Dataset records
⟨

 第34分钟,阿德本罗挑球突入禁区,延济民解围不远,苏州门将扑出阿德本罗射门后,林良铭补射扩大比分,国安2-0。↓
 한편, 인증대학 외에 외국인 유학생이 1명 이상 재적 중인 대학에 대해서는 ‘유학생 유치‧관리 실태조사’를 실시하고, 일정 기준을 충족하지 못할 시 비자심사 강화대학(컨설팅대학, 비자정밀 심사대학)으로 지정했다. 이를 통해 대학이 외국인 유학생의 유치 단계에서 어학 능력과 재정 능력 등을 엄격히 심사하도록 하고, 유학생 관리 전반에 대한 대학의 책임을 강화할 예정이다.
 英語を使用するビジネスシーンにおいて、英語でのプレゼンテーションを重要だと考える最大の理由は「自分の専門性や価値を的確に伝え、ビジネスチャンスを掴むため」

⟩
⟨

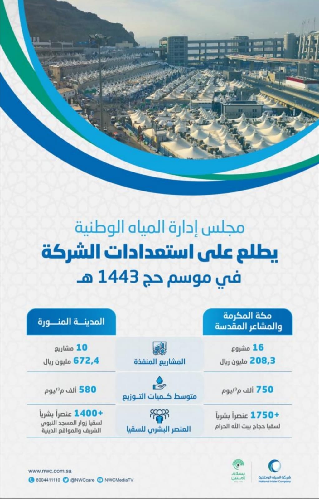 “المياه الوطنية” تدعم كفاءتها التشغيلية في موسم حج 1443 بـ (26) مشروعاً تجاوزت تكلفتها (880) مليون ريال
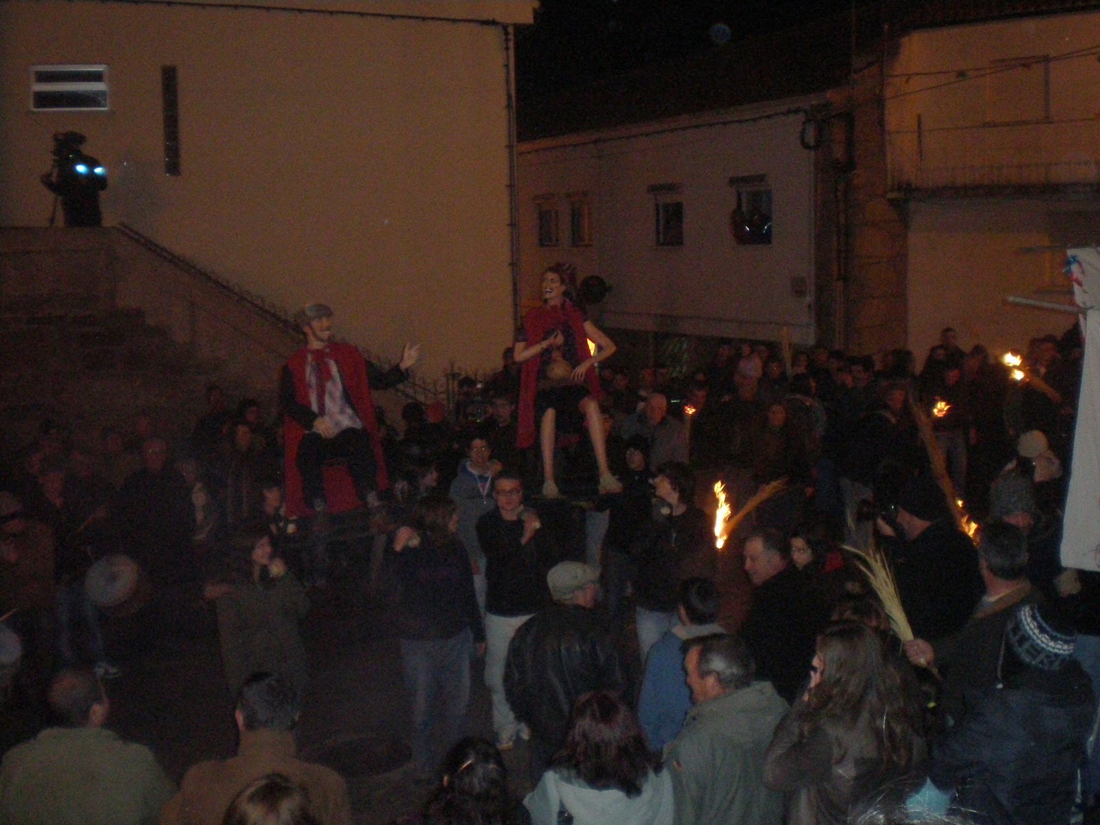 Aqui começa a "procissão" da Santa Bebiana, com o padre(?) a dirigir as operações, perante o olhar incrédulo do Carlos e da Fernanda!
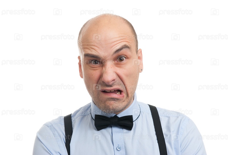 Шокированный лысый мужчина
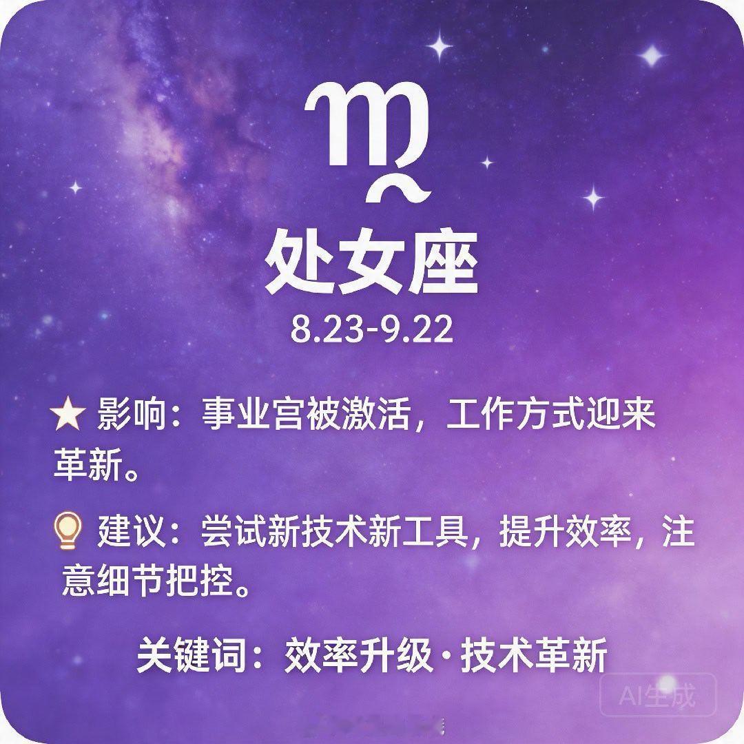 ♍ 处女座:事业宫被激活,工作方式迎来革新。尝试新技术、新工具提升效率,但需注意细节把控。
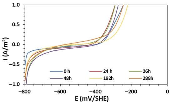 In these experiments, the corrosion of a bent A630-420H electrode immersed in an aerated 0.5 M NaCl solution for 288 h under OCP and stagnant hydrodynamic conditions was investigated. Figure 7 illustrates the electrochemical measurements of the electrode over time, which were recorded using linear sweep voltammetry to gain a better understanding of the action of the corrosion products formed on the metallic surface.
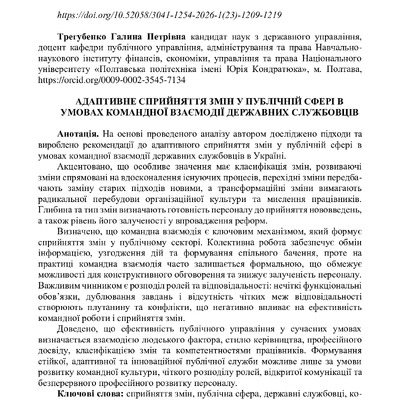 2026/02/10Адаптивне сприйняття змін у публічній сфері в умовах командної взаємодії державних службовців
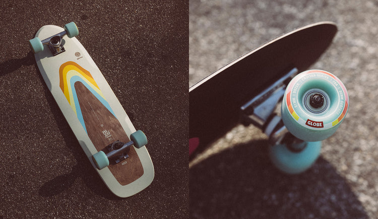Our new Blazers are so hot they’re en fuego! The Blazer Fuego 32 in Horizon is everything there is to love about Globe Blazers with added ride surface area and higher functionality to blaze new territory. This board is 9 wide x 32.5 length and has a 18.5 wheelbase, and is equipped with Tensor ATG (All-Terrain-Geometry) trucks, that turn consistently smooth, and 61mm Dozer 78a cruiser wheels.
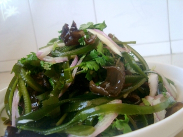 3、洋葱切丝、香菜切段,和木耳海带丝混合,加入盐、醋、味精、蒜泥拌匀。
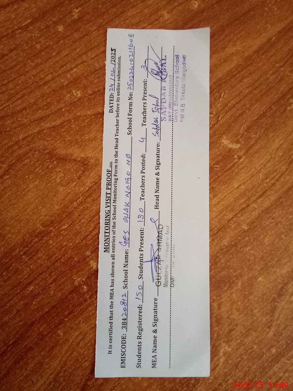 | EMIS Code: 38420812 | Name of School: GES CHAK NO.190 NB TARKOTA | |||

⟩

Only one stretch of the listing above is to be duplicated: the lines from the one containing "2026/02/10Адаптивне сприйняття змін" through the one containing "3、洋葱切丝、香菜切段,和木耳海带丝混合,加入盐、醋、味精、蒜泥拌匀。", both included. Copy them exactly, minus the pictures.

 2026/02/10Адаптивне сприйняття змін у публічній сфері в умовах командної взаємодії державних службовців
Our new Blazers are so hot they’re en fuego! The Blazer Fuego 32 in Horizon is everything there is to love about Globe Blazers with added ride surface area and higher functionality to blaze new territory. This board is 9 wide x 32.5 length and has a 18.5 wheelbase, and is equipped with Tensor ATG (All-Terrain-Geometry) trucks, that turn consistently smooth, and 61mm Dozer 78a cruiser wheels.
 3、洋葱切丝、香菜切段,和木耳海带丝混合,加入盐、醋、味精、蒜泥拌匀。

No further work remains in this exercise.